We are interested in two major overlapping cell-biological processes: chemotaxis and macropinocytosis. Chemotaxing cells move by extending pseudopods or blebs, which they use to gain traction from their surroundings, and so pull their body forward. They can be guided by attractive chemicals in the environment, so that a neutrophil, for instance, can move to a site of infection or an amoeba can track its bacterial food. In macropinocytosis, cells also produce extensions of their plasma membrane but these are shaped as ruffles or cups, and eventually close, taking a vesicle containing a droplet of medium into the cell. This ingestion allows an immune cell to sample antigens from the medium, or an amoeba to gain nutrients.

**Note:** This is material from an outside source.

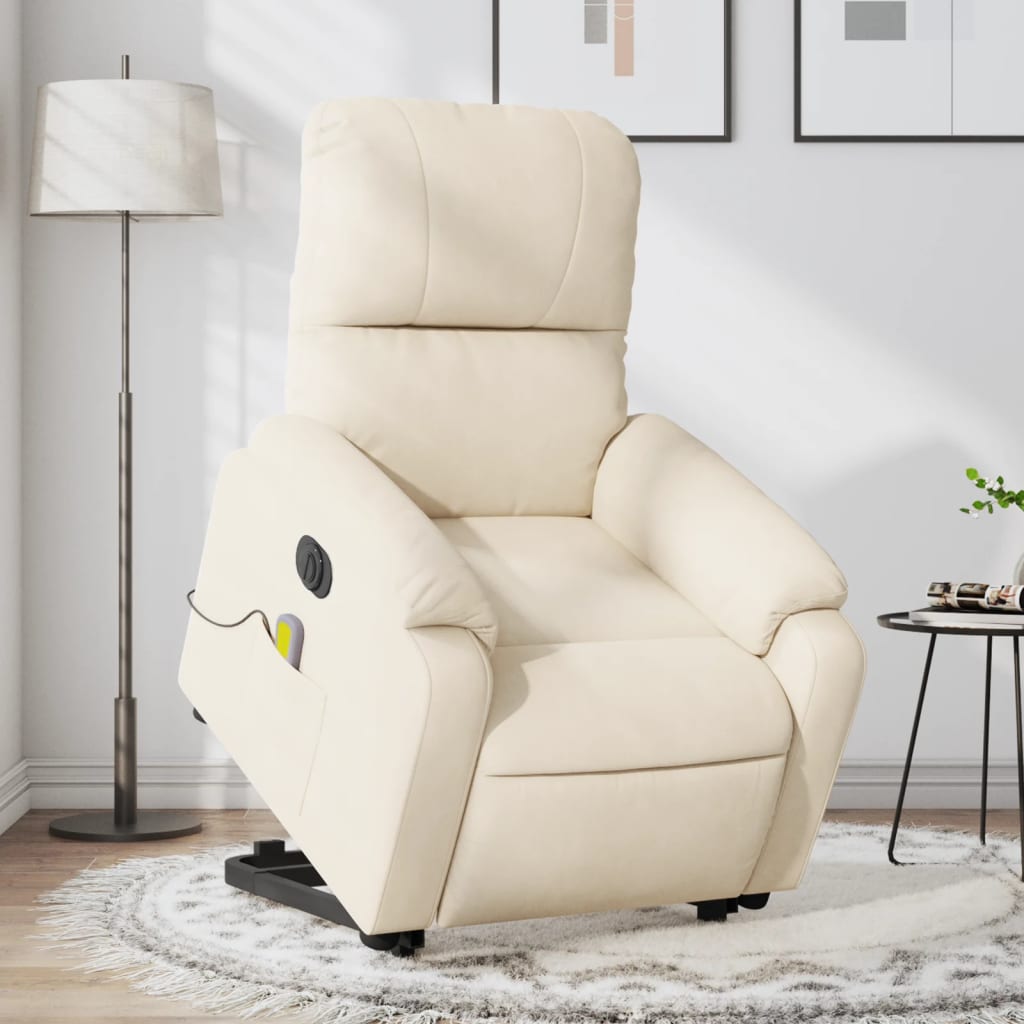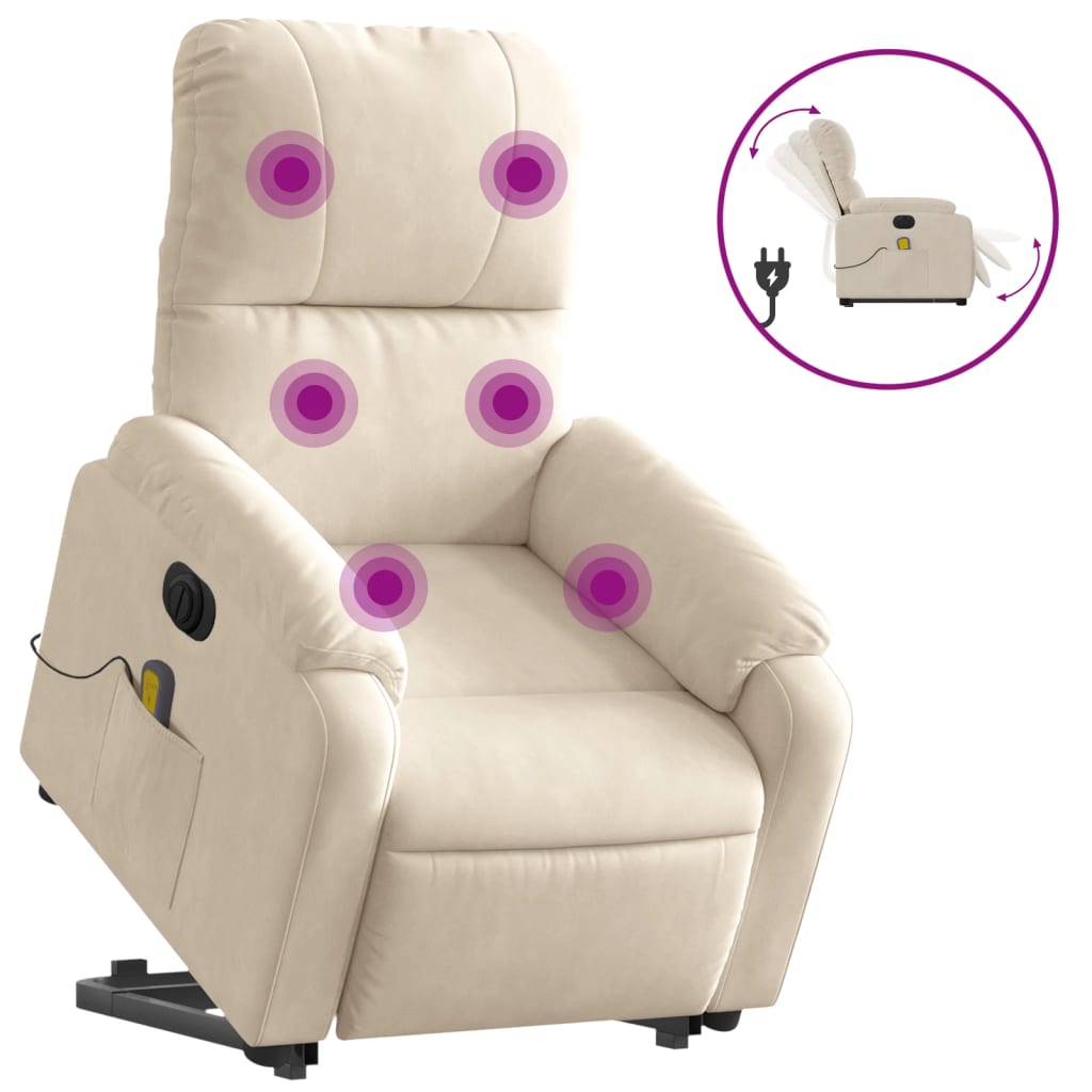 Fotoliu masaj rabatabil electric cu ridicare, bej, microfibră GartenMobel Dekor

Both chemotaxis and phagocytosis are ancient processes, probably dating from primitive, phagotrophic cells, and both use the actin cytoskeleton and cortex to produce projections of the plasma membrane. Both are organised by signalling events at the plasma membrane, which control the location and shape of the projection formed. Small G-proteins and phosphoinositides are prominent in this signalling, and their dynamics are such as to produce discrete, ‘activated’ patches of membrane where actin polymerisation occurs.
Because chemotaxis and macropinocytosis are complicated, conserved processes, yet poorly understood, we use a powerful model system – Dictyostelium amoebae – to study them.
We also have an interest in polyketide signalling and sex determination in Dictyostelium.